• Exercise instructions
The lines to extract run from the first line of the material below to the line containing "По поводу раздачи", both included; leave the pictures behind.

• Given data

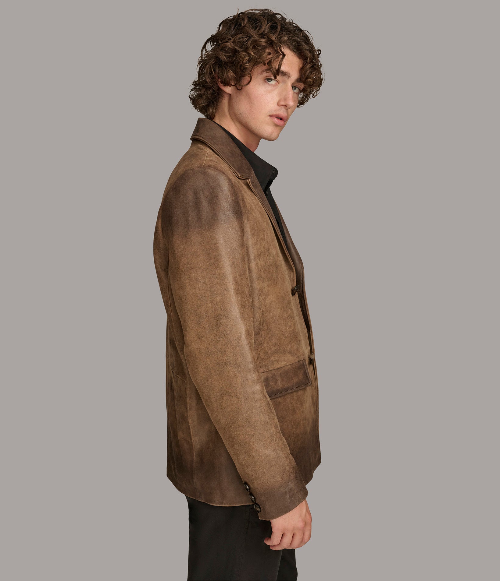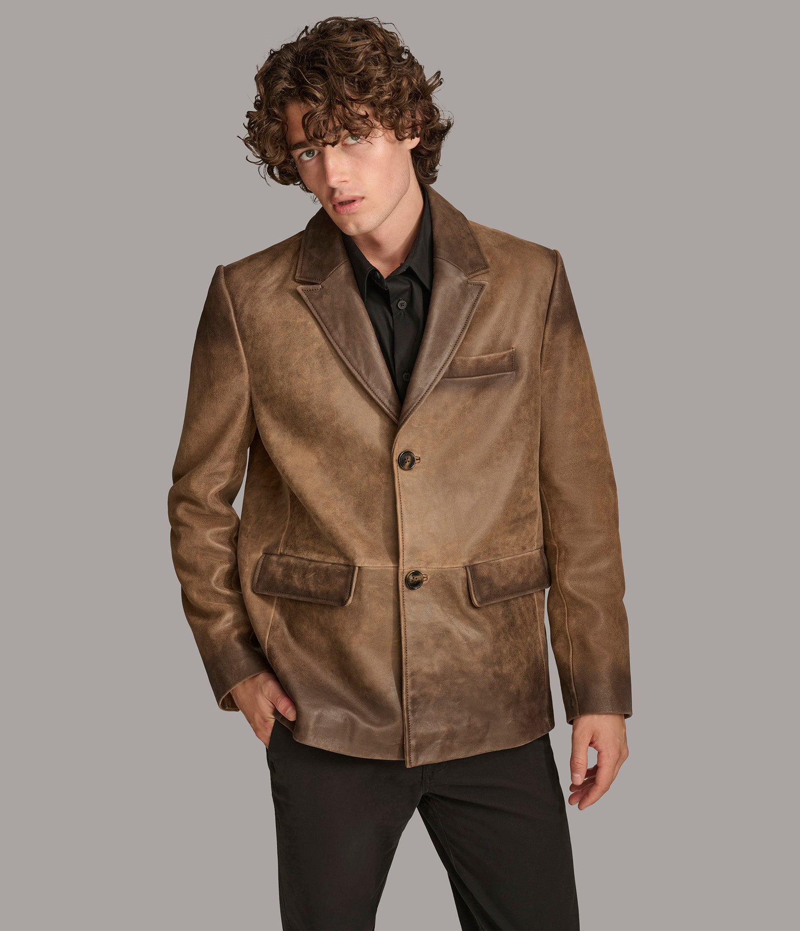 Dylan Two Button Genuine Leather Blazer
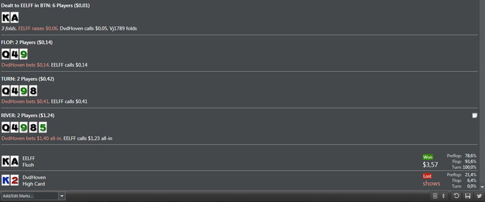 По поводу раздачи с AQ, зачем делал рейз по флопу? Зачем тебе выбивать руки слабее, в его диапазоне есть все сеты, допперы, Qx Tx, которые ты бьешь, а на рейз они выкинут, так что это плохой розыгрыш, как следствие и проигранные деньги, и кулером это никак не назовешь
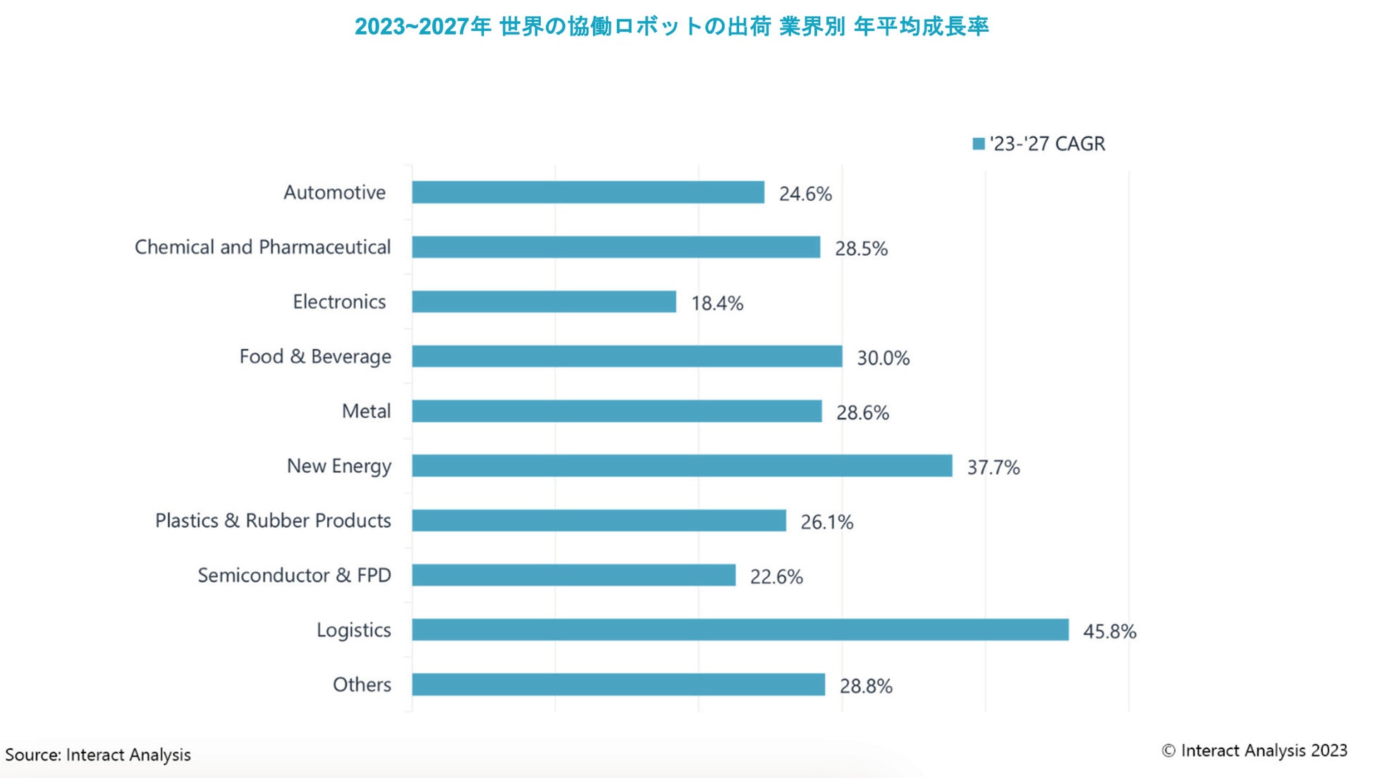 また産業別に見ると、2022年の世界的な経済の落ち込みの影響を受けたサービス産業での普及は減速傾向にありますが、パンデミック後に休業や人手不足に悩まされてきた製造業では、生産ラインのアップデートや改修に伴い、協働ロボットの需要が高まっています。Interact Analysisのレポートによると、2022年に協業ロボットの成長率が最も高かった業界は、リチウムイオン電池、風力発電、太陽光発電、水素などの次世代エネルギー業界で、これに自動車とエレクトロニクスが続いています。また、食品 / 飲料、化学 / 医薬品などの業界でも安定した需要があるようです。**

• Exercise output
 Dylan Two Button Genuine Leather Blazer
 По поводу раздачи с AQ, зачем делал рейз по флопу? Зачем тебе выбивать руки слабее, в его диапазоне есть все сеты, допперы, Qx Tx, которые ты бьешь, а на рейз они выкинут, так что это плохой розыгрыш, как следствие и проигранные деньги, и кулером это никак не назовешь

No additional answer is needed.